LeetCode算法题106:从中序与后序遍历序列构造二叉树解析
根据一棵树的中序遍历与后序遍历构造二叉树。
注意:
你可以假设树中没有重复的元素。
例如,给出
中序遍历 inorder = [9,3,15,20,7]
后序遍历 postorder = [9,15,7,20,3]
返回如下的二叉树:
3
/ \
9 20
/ \
15 7
这个题和上一个题从前序遍历与中序遍历序列构造二叉树思路完全一样。
C++源代码:
/**
* Definition for a binary tree node.
* struct TreeNode {
* int val;
* TreeNode *left;
* TreeNode *right;
* TreeNode(int x) : val(x), left(NULL), right(NULL) {}
* };
*/
class Solution {
public:
TreeNode* buildTree(vector<int>& inorder, vector<int>& postorder) {
return buildTree(inorder, 0, inorder.size()-1, postorder, 0, postorder.size()-1);
}
TreeNode* buildTree(vector<int>& inorder, int iLeft, int iRight, vector<int>& postorder, int pLeft, int pRight){
if (iLeft > iRight || pLeft > pRight) return NULL;
int i = 0;
for (i=iLeft;i<=iRight;i++){
if (postorder[pRight]==inorder[i]) break;
}
TreeNode* cur = new TreeNode(postorder[pRight]);
cur->left = buildTree(inorder, iLeft, i-1, postorder, pLeft, pLeft+i-iLeft-1);
cur->right = buildTree(inorder, i+1, iRight, postorder, pLeft+i-iLeft, pRight-1);
return cur;
}
};
python3源代码:
# Definition for a binary tree node.
# class TreeNode:
# def __init__(self, x):
# self.val = x
# self.left = None
# self.right = None
class Solution:
def buildTree(self, inorder: List[int], postorder: List[int]) -> TreeNode:
return self.buildTree2(inorder, 0, len(inorder)-1, postorder, 0, len(postorder)-1)

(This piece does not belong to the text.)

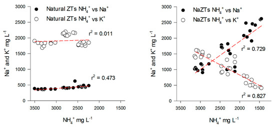 Relationships between Na+ vs. NH4+ (black dots) and K+ vs. NH4+ (white dots) in the samples treated with NaZTs (all the grain sizes together). Red dotted lines represent linear regressions.

def buildTree2(self, inorder, iLeft, iRight, postorder, pLeft, pRight):
if iLeft > iRight or pLeft > pRight:
return None
i = 0
for i in range(iLeft, iRight+1):
if inorder[i]==postorder[pRight]:
break
cur = TreeNode(postorder[pRight])
cur.left = self.buildTree2(inorder, iLeft, i-1, postorder, pLeft, pLeft+i-iLeft-1)
cur.right = self.buildTree2(inorder, i+1, iRight, postorder, pLeft+i-iLeft, pRight-1)
return cur